[What is expected]:
The listing that follows should be copied in full and exactly, with no pictures.

[Available data]:

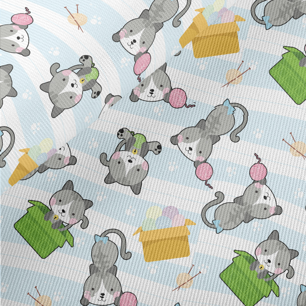Playful Rolling Cat Midweight Cotton Poplin
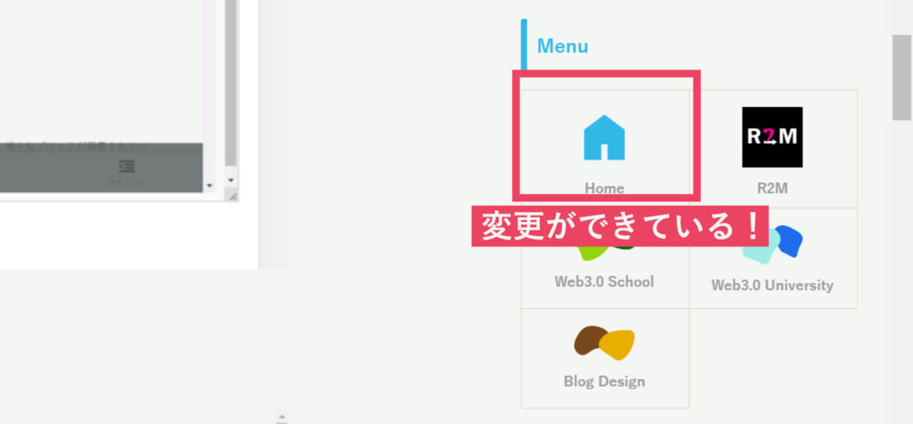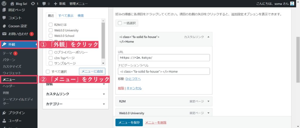 先程の画面を開く(「外観」→「メニュー」→「編集するメニュー」でボックスメニューにしているメニューを選択する。)
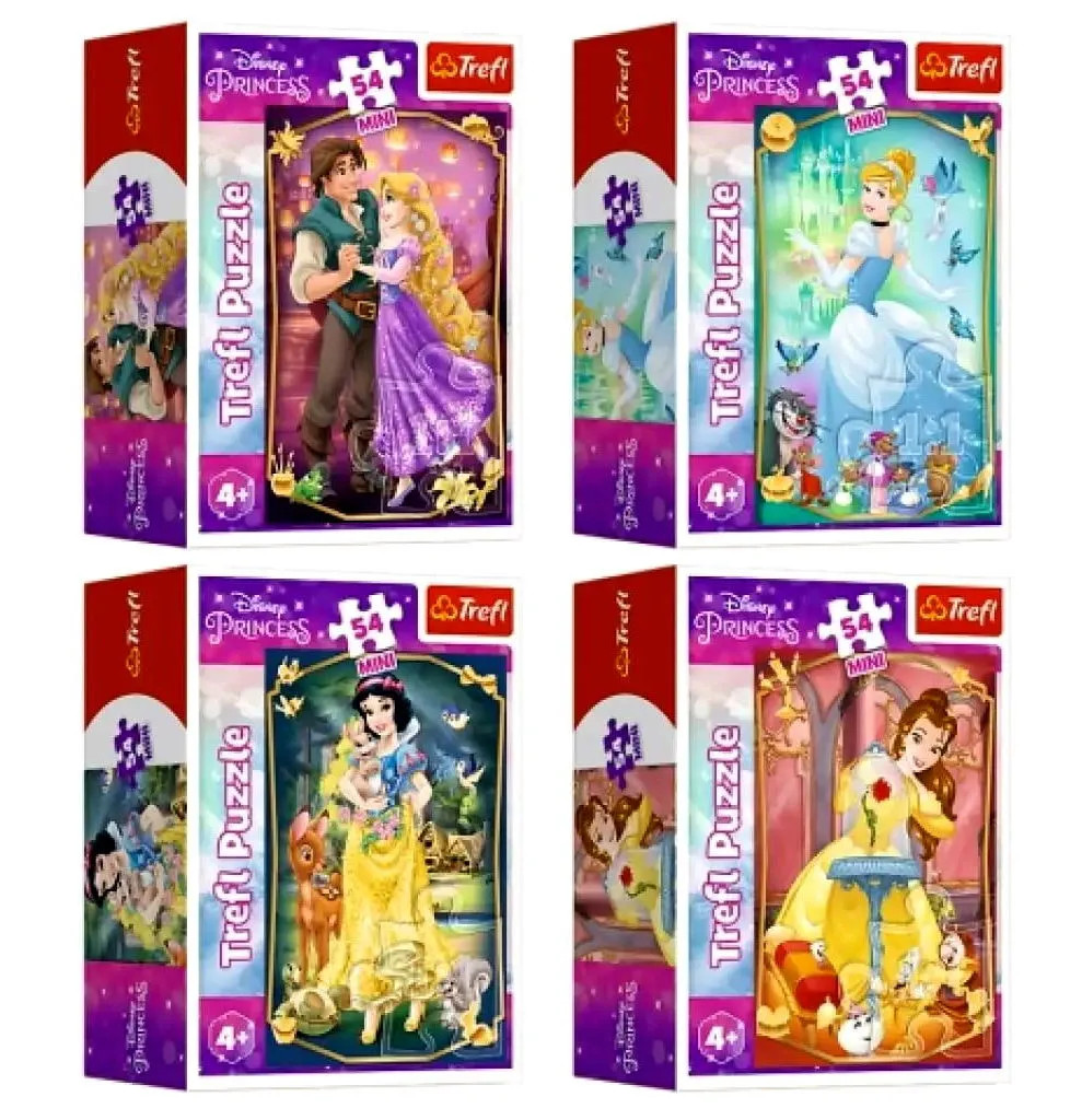 Ezeken a csodaszép mini puzzle-ökön a legnépszerűbb Disney Hercegnők láthatóak, nevezetesen Aranyhaj, Belle, Hamupipőke vagy Hófehérke. A Trefl kimagasló minőségű puzzle-jei gyönyörű, színpompás és éles nyomtatásuknak köszönhetően rendkívül részletgazdagon adják vissza az általuk ábrázolt képet. Az egyes puzzle elemek pontosan, precízen illeszkednek egymáshoz és összerakva szép, homogén felületet alkotnak a képek. Az 54db-os mini puzzle még a gyerekek számára is könnyen összeállítható.

[Answer area]:
Playful Rolling Cat Midweight Cotton Poplin
 先程の画面を開く(「外観」→「メニュー」→「編集するメニュー」でボックスメニューにしているメニューを選択する。)
 Ezeken a csodaszép mini puzzle-ökön a legnépszerűbb Disney Hercegnők láthatóak, nevezetesen Aranyhaj, Belle, Hamupipőke vagy Hófehérke. A Trefl kimagasló minőségű puzzle-jei gyönyörű, színpompás és éles nyomtatásuknak köszönhetően rendkívül részletgazdagon adják vissza az általuk ábrázolt képet. Az egyes puzzle elemek pontosan, precízen illeszkednek egymáshoz és összerakva szép, homogén felületet alkotnak a képek. Az 54db-os mini puzzle még a gyerekek számára is könnyen összeállítható.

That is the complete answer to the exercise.